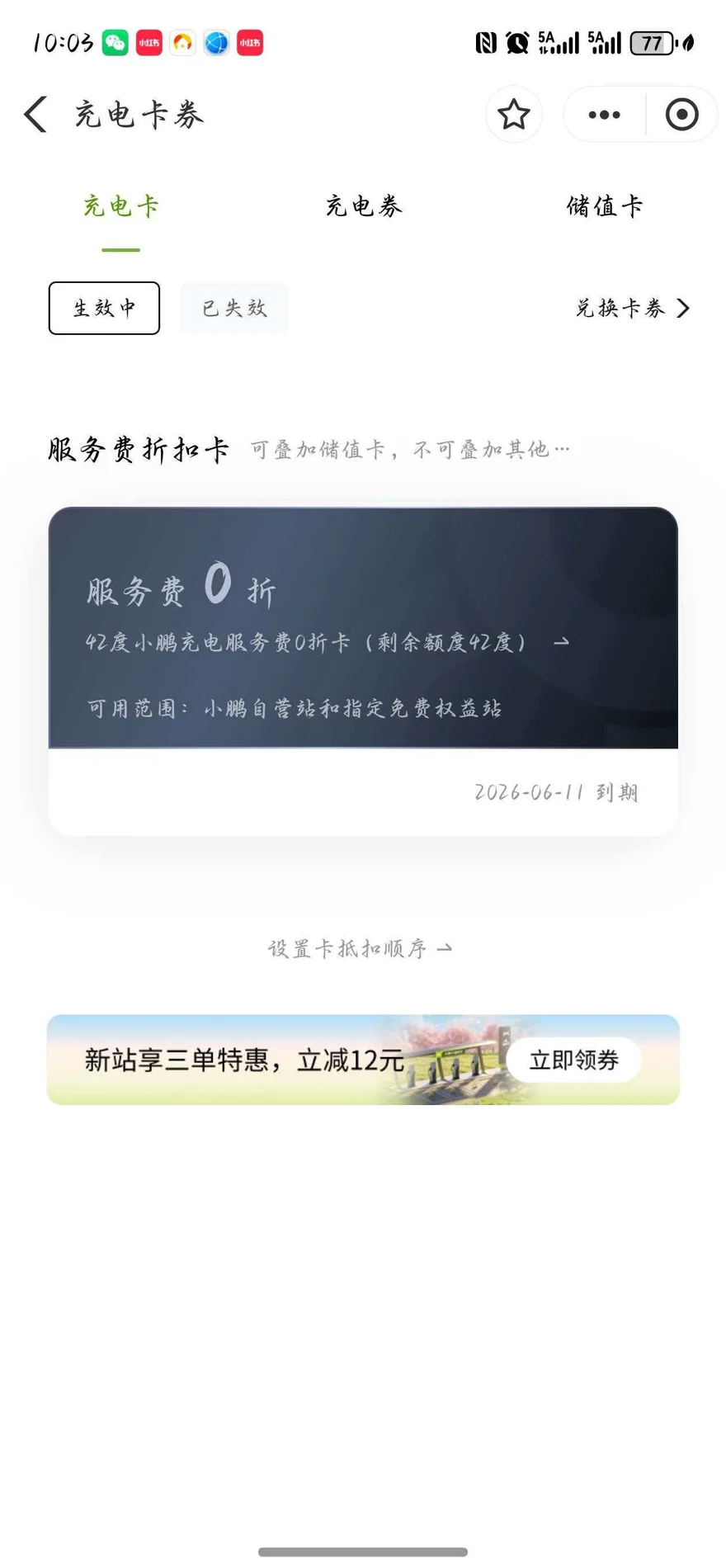 这次出门刚好赶上小鹏的春日充电福利,0折服务费充电卡、1折券、5元服务费券全都用上了,去小鹏自营站充电,直接把服务费省到底!
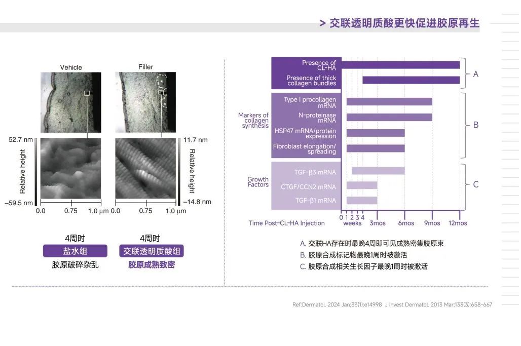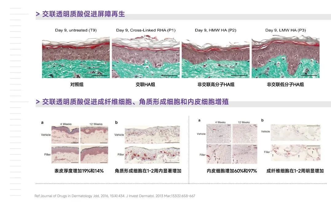 ▷国内外丰富的循证医学显示,交联透明质酸在皮肤再生美学领域的应用拥有尚未挖掘的新潜力,非交联透明质酸和交联透明质酸的黄金配比,赋予了产品同时拥有无炎再生和抗炎修复的能力。
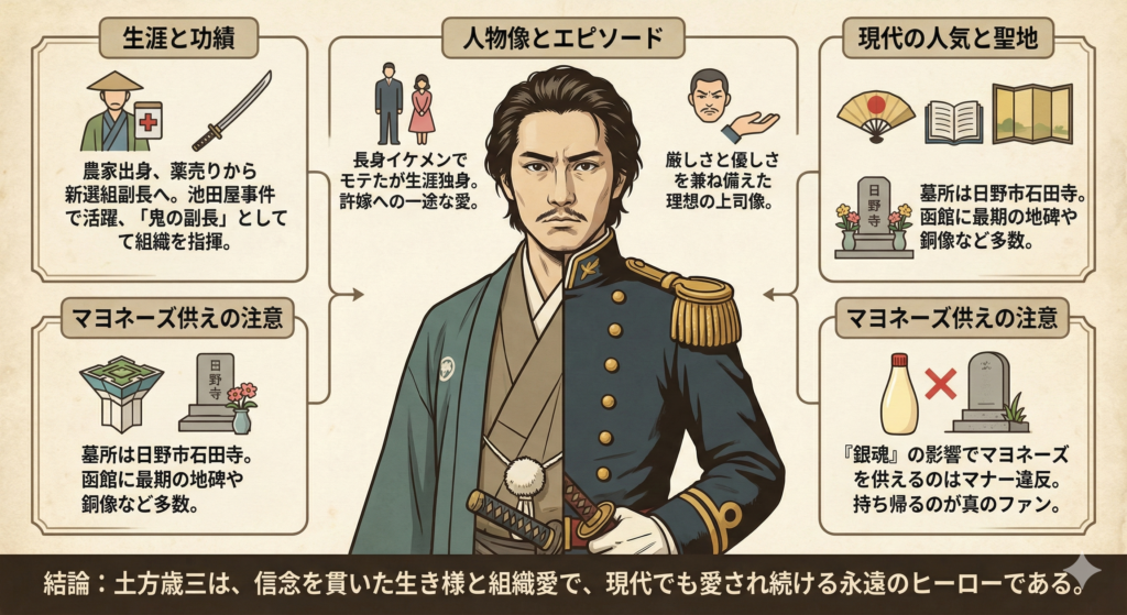 史実とフィクションが混じり合いながら、土方歳三という英雄像は今も進化し続けています。そして、これからも多くの人々に愛され続けることでしょう。
◇ ◇ ◇ ◇ ◇
• [Task item]
Leaving out the pictures, repeat the data above exactly.

• [Task answer]
 这次出门刚好赶上小鹏的春日充电福利,0折服务费充电卡、1折券、5元服务费券全都用上了,去小鹏自营站充电,直接把服务费省到底!
 ▷国内外丰富的循证医学显示,交联透明质酸在皮肤再生美学领域的应用拥有尚未挖掘的新潜力,非交联透明质酸和交联透明质酸的黄金配比,赋予了产品同时拥有无炎再生和抗炎修复的能力。
 史実とフィクションが混じり合いながら、土方歳三という英雄像は今も進化し続けています。そして、これからも多くの人々に愛され続けることでしょう。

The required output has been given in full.